Leave the Munging to the Machines - MLB Edition

Apr 17, 2019 Baseball statstransform scriptweb scraping

written by ramfox, Rico

Summary:

  • Create a clean, reusable qri dataset by scraping data stored in an ugly table.
  • Rerun a script to retrieve updated data (however frequently you like)
  • See and have the code I used to create my dataset, and feel free to fork that code and adapt to your liking.

Look up the latest rankings of MLB home run leaders on baseballreference.com (the authority on MLB stats), and you’ll get a table like this:

If all you care about is the player’s rank and home run count, each of which has a dedicated column, this table works just fine. Less helpful, the table provides interesting information in a code you need to crack before adapting the data for your own purpose.

For example, in the baseballreference.com table:

  • A player’s Hall of Fame status is signified by a “+ “ appearing next to their name. If you see a “+”, they’re a Hall of Famer, if you don’t, they’re not.
  • The number of MLB seasons played is in parentheses next to their name.
  • However! If the player is still active, their name is in bold, and the first number in their parenthesis is their number of seasons, and the second number is their current age.
  • And, in every 50th row, the table maker introduces a new header row, which you’ll have to cut out 20 times in a list of 1,000 names (as this is).

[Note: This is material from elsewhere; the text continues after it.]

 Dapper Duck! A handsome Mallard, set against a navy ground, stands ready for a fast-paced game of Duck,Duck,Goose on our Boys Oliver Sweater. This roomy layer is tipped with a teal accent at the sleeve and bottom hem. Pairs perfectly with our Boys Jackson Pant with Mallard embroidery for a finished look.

Anyone who regularly plays with data is shaking their head and wondering, “Why not have a column that says Hall of Fame “Yes/No”, another column that says, Active “Yes/No” etc.? Before a baseball stats fan can work with this table, she will have to copy it into a spreadsheet and manually clean it to her liking before beginning an analysis. No one gets to see her work, and everyone has to ‘redo’ that same cleaning on their own. It’s estimated that this kind of work comprises up to 80% of a data scientist’s job. EW!

Wouldn’t it be nice…

A. Wouldn’t it be nice if we could all benefit from the first person’s work to clean up that dataset?

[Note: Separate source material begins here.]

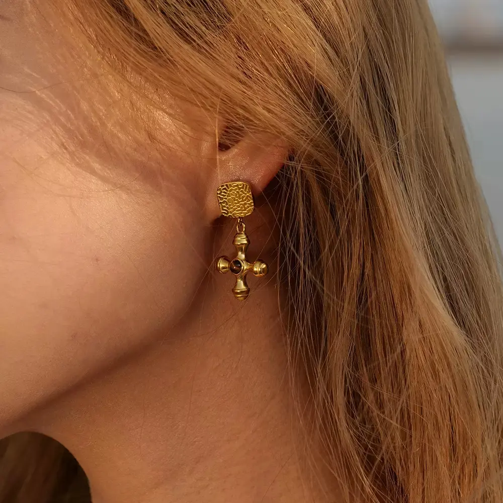 A fusion of medieval cross motifs and natural colored gemstones, these earrings feature textured gold studs paired with three-dimensional cross pendants and central gem accents, creating a distinct vintage aesthetic.

B. Wouldn’t it be nice to trust their cleaning work by easily auditing / tracking their steps?

C. Wouldn’t it be nice to know that if I wanted to take a different approach, I could take their work, copy it, and adapt it as I saw fit?

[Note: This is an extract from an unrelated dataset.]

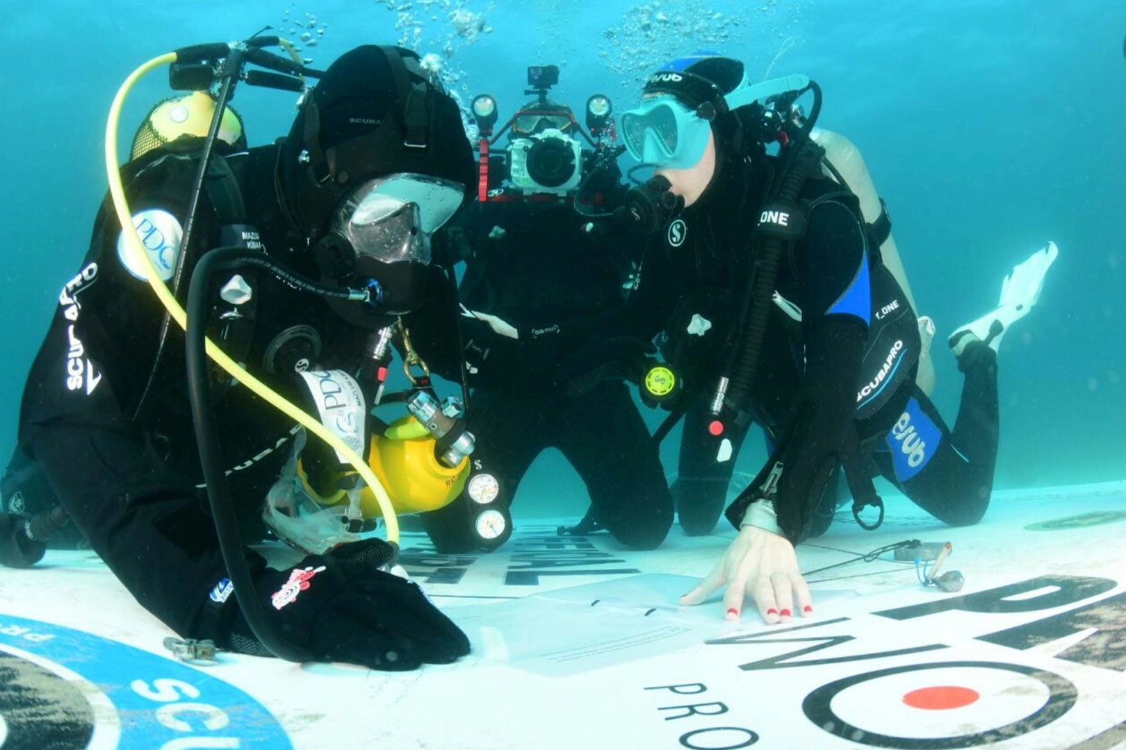 Kıyıdaki teknik ekiple tüm iletişim, su zeminine indirilen özel bir yazı tahtası üzerinden sağlandı.

D. And wouldn’t it be nice to have the script tied to the data, so I could simply re-run it and retrieve updated rankings? [Coming soon: Ability to set a script to retrieve the baseball reference data at a specific frequency, so I could have a new version every day, week, month, or season]

I’ve used qri to do each of those. Here’s how:

Transform Scripts: from web scraping to a qri dataset

We use a python-like syntax called Starlark to draft a Transform script to pull in data from the wild, and tweak the way it’s represented. For example, I used my script to create new columns for the player’s hall of fame status and active/inactive status. That accomplishes A & B from the list above.

Here’s what that code looks like:

def parseRow(row, latest_rank):
  # row has 5 sections
  tds = row.children_filtered('td')
  if tds.len() > 0:
    # rank, player (yrs, age), player profile, home runs, bats, hr log
    # 1st td -> rank
    # 2nd td -> player (yrs, age), <a> tag contains player profile link
    # 3rd td -> home runs
    # 4th td -> bats
    # 5th td -> <a> tag contains hr log link
    #
    rank_string = ""
    rank = latest_rank
    player = ""
    hof = "N"
    mlb_seasons = 0
    active = "N"
    age_if_active = "-"
    player_profile_link = ""
    home_runs = 0
    bats = ""
    hr_log_link = ""
    #
    # rank
    #
    rank_string = tds.eq(0).text().strip().strip(".")
    if rank_string != "":
      rank = int(rank_string)
      latest_rank = rank
    #
    # player name, hall of fame status, mlb seasons, active, age if active
    # Dave Winchester+ (23, 59)
    #
    player = tds.eq(1).text()
    player_split = player.split("(")
    #
    # player_split = [ "Dave Winchester+ ", "23, 59)" ]
    #
    name_hof = player_split[0].strip()
    if "+" in name_hof:
      hof = "Y"
      name_hof = name_hof.strip("+")
    player_name = name_hof
    #
    # seasons_age_split = [ "23", " 59" ]
    # or
    # seasons_age_split = [ "23" ]
    #
    seasons_age_split = player_split[1].strip(")").split(",")
    mlb_seasons = int(seasons_age_split[0].strip())
    #
    if len(seasons_age_split) > 1:
      active = "Y"
      age_if_active = int(seasons_age_split[1].strip())
    #
    player_profile_link = base_url + tds.eq(1).find("a").attr("href")
    #
    home_runs = int(tds.eq(2).text().strip())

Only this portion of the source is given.